Naked Completes $6,159,482 Private Placement Financing
NEW YORK, NEW YORK and VANCOUVER, BRITISH COLUMBIA -- (Marketwired) -- 06/10/14 -- Naked Brand Group Inc. (OTCQB:NAKD) ("Naked" or "the Company") announced today the closing of a private placement financing (the "Offering") of units (the "Units") for aggregate gross proceeds of $6,159,482.
The funds raised from the sale of the Units will be used for marketing and new product development and design, as well as general working capital requirements. The gross proceeds were raised through the sale of 246 Units at a price of $25,000 per Unit. Each Unit consisted of (i) a 6% convertible senior secured debenture in the principal amount of $25,000 (the "Convertible Debentures") and (ii) a warrant to purchase 166,667 common shares of the Company at an exercise price of $0.15 per share, subject to adjustment (the "Warrants"). The Convertible Debentures are convertible into common shares at a conversion price of $0.075 per share, subject to adjustment, and mature on June 10, 2017. Interest of 6% per annum is payable quarterly in cash or in kind at the option of the Company.

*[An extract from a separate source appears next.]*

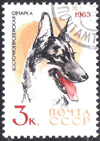 Diese Marke der Sowjetunion (MiNr 3022) zeigt den Kopf eines Osteuropäischen Schäferhundes.
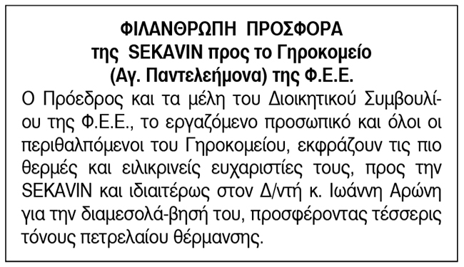 Ευχαριστήριο για Δωρεές από το γηροκομείο (Αγ. Παντελεήμονα) της Φ.Ε.Ε. Κείμενο Βλέπε εικόνα. Αριθμός Φύλλου: 6033 Κατηγορία: Δωρεές

Each Warrant is exercisable until June 10, 2019 and if, during the 24 months after the closing, the volume weighted average price for the Company's common shares is greater than $0.40 per share for a period of twenty (20) consecutive trading days, then the Company may deliver a notice (the "Notice") to the Warrant holder notifying such holder that the Warrants must be exercised within thirty (30) days from the date of delivery of such Notice, otherwise the Warrants will expire on the thirty-first (31st) day after the date of delivery of the Notice.

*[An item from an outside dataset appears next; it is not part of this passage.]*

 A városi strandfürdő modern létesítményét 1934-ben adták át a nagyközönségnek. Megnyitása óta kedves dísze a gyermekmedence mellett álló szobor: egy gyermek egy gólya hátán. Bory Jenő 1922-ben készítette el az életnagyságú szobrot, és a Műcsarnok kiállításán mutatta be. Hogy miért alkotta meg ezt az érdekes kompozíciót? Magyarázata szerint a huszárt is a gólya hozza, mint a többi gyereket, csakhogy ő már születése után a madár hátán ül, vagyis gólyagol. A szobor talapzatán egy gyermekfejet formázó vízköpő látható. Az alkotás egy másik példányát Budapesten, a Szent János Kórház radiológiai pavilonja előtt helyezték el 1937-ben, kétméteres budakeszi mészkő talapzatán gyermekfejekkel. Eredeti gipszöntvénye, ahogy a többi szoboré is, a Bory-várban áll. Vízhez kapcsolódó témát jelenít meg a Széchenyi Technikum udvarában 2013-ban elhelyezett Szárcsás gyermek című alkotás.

None of the securities offered in this financing transaction have been registered under the Securities Act of 1933, as amended (the "Securities Act"), or applicable state securities laws. Accordingly, the securities may not be offered or sold in the United States except pursuant to an effective registration statement or an applicable exemption from the registration requirements of the Securities Act and such applicable state securities laws. Pursuant to the terms of a registration rights agreement entered into with the purchasers, the Company has agreed to file, within 60 days of June 10, 2014, a registration statement with the Securities and Exchange Commission registering the resale of the common shares issuable upon conversion of the Convertible Debentures and exercise of the Warrants. Any offering of Naked's securities under the resale registration statement referred to above will be made only by means of a prospectus.

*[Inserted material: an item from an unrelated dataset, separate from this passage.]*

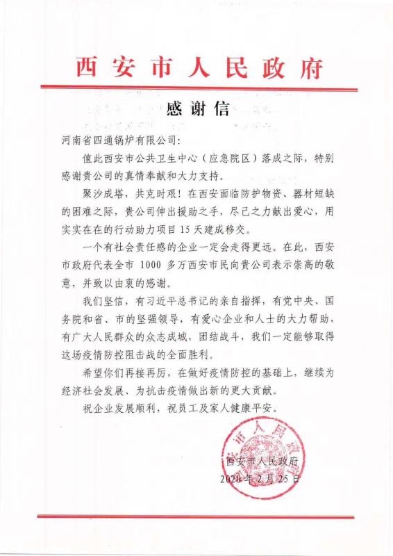 “聚沙成塔,共克時(shí)艱!在西安面臨防護(hù)物資、器材短缺的困難之際,貴公司伸出援助之手,盡己之力獻(xiàn)出愛心,在此西安市政府代表全市1000多萬西安市民向貴公司表示由衷的感謝”。這是西安市政府對(duì)太康縣拔尖人才、河南省四通鍋爐有限公司總經(jīng)理馮坤的感謝信。一方有難,八方支援。在新聞上了解到武漢新冠肺炎疫情突發(fā)的情況后,他連夜與中國紅十字會(huì)和武漢紅十字會(huì)取得聯(lián)系,詢問向新建的火神山醫(yī)院捐贈(zèng)醫(yī)用鍋爐和捐款事宜,通過網(wǎng)上銀行將30萬善款轉(zhuǎn)入武漢紅十字會(huì)賬戶中。

This release does not constitute an offer to sell or the solicitation of an offer to buy the securities, nor shall there be any sale of the securities in any jurisdiction in which such offer, solicitation or sale would be unlawful prior to the registration or qualification under the securities laws of such jurisdiction.
ABOUT NAKED BRAND GROUP
Naked® is a global lifestyle brand currently offering one of the world's most comfortable and luxurious lines of innerwear and loungewear. The Naked core brand philosophy is to provide apparel that helps people feel sexy and confident while being as comfortable as wearing nothing at all. The brand's goal is to create a new standard for how apparel products worn close to skin fit, feel and function. Key product attributes include seamless construction, lightweight fabrics, memory-stretch, moisture-wicking characteristics, "wearing nothing at all" comfort, and fashion-forward, luxurious design. Naked® apparel for men is currently sold at a premium fashion stores in North America, primarily in Canada and on the West Coast of the United States including Holt Renfrew, Hudson Bay Company and Nordstrom, as well as online stores such as Amazon.com, Hisroom.com and Freshpair.com. In the future, Naked plans to launch a women's line to complement its current men's assortment, as well as further expand its product offerings to include activewear and swimwear.